Today, organizations rely on a mixture of physical and virtual control points to meet their network security needs. They need the flexibility to deploy different physical and virtual firewalls across a wide range of environments while still maintaining consistent policy across branch offices, corporate data centers, and all points between. From data center consolidation to office relocations, mergers and acquisitions, as well as seasonal peaks in demand on your applications, Cisco’s virtual firewall portfolio helps businesses simplify security management with the convenience of unified policy and the flexibility to deploy everywhere.

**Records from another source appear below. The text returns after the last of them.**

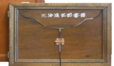
通常サイズ紙芝居舞台
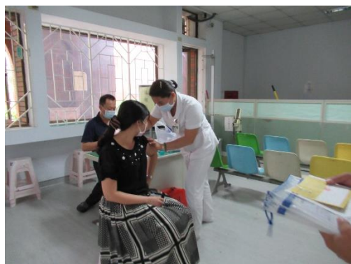
教職員工新冠肺炎 AZ 疫苗第二劑接種
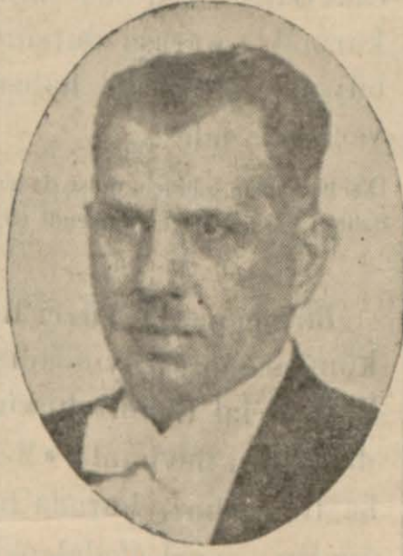
Meclis Reisi Kâzım Paşa Hz. tutuklarını bitirdikten sonra tekrar sürekli alkışlar arasında kürsüyü terkettiler.

Reisicümhur Hazretleri tam saat on beşte, Büyük millet meclisini açış nutkuna başladı. Temamen öz türkçe olan bu nutuk yarım saat sürdü. Gazi Hazretlerinin bu nutukları gerek söylenirken ve gerekse bittikten sonra uzun uzun al-
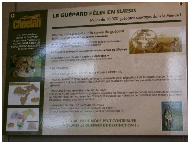
Panneau “COURSE POUR LA SURVIE” – moins de 10 000 guépards sauvages dans le Monde, et les 2 cartes montrant les différences de territoires entre 1900 et aujourd’hui. Ces images se révèlent un choc pour le Public ! Ceci confirme que les Images valent mieux qu’un long discours...
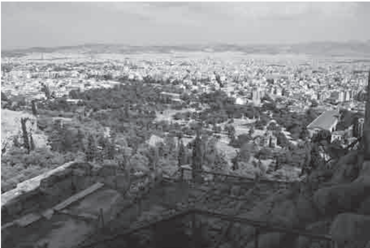
Veduta dell'Agora dai Propilei. In alto, l'Acropoli da nord
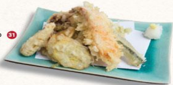
31 Tempura tổng hợp Tempura Moriawase
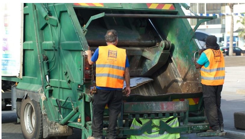
משאית זבל בפעולה

המודל הזה שונה משירותים בסיסיים אחרים שאנחנו מקבלים. כך, למשל, אנו משלמים את חשבון המים והחשמל החודשיים עת אותנו להיות זהירים יותר ולדאוג לסגור את הברז בין שימוש לשימוש, לא להפריז בזמן המקלחת, לכבות את האור כשיוצאים מחדר ומחושב על פי גודל הנכס שבו אנחנו מתגוררים או עובדים.
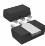
2SC4132T100Q Rohm Semiconductor TRANS NPN 120V 2A SOT-89
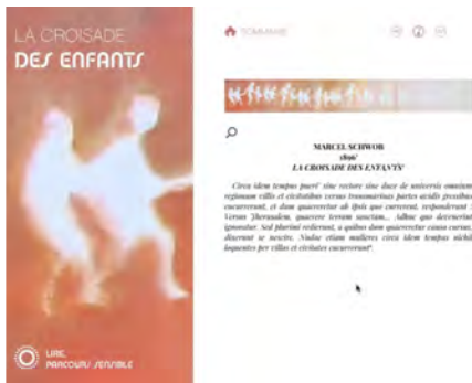
Illustration 9 : Captation vidéo montrant la continuité iconographique des chapitres (extrait de l'édition enrichie)

D'autre part, l'édition numérique peut encourager la perception et l'analyse de l'énonciation littéraire. On peut souligner l'intérêt de la lecture sonore sur ce plan : les voix incarnent les personnages, mais sans chercher à trop singulariser chacun d'entre eux, sans trop appuyer le trait. Ce choix correspond à l'écriture de Schwob, dans laquelle il y a à la fois une singularisation du discours de chaque protagoniste (le lépreux, le goliard, les enfants, les papes, le kalandar) et en même temps une certaine continuité, une homogénéité de l'ensemble des récits organisés de façon linéaire, structurée vers la fin du récit.
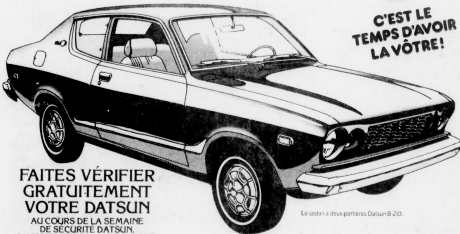
Le sedan à deux portières Datsun B-210.

FAITES VÉRIFIER GRATUITEMENT VOTRE DATSUN
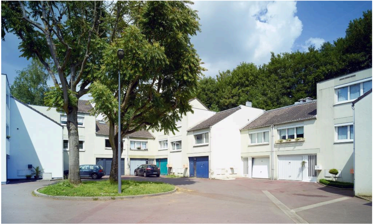
Ilot 2. Le blanc estompe la variété donnée aux façades, mais la végétation conserve son caractère à la placette.
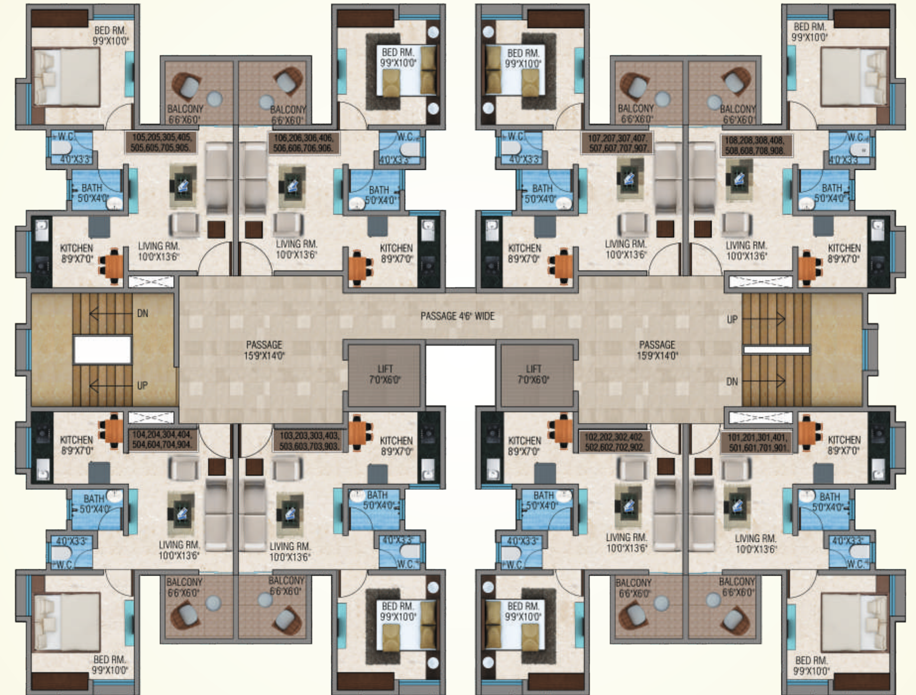
1ST, 2ND, 3RD, 4TH, 5TH, 6TH, 7TH, 8TH & 9TH FLOOR PLAN
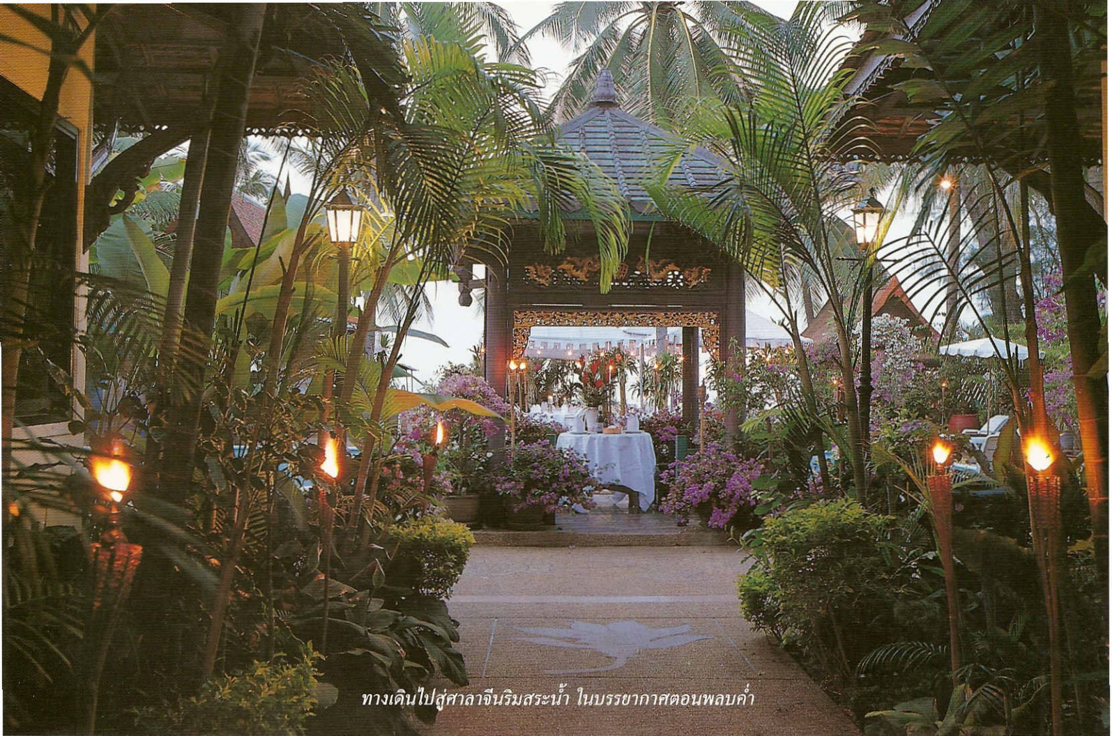
ทางเดินไปสู่ศาลาจีนริมสระน้ำ ในบรรยากาศตอนพลบค่ำ

Cisco® Secure Firewall ASA Virtual (formerly ASAv) gives you the flexibility to choose the performance you need for your organization. Secure Firewall ASA Virtual is the virtualized option of our popular Secure Firewall ASA solution and offers security in traditional physical data centers and private and public clouds. Its scalable VPN capability provides secure access to your organization’s resources—and protects workloads against increasingly complex threats with world-class security controls.

Product overview

Secure Firewall ASA Virtual is a firewall with powerful VPN capabilities. It supports site-to-site VPN, remote-access VPN, and clientless VPN functionalities. Consistent policy simplifies management across your virtual and physical Secure Firewall ASA solutions. Cisco Smart Software Licensing makes it easy to deploy, manage, and track virtual instances of the appliance running in your private cloud or in a public cloud.

Product overview

Figure 1.            

Cisco® Secure Firewall ASA Virtual (formerly ASAv) overview

Benefits

VPN head-end

Cisco AnyConnect® client empowers employees to work from home (or anywhere) on any device at any time, securely. Give any user highly secure access to your enterprise network and provide visibility and control to your IT and security teams to identify who and which devices are accessing the infrastructure. Alleviate strain on your IT and security teams as they support offsite workers and personal devices. Secure Firewall ASA Virtual supports site-to-site VPN for connecting your data centers.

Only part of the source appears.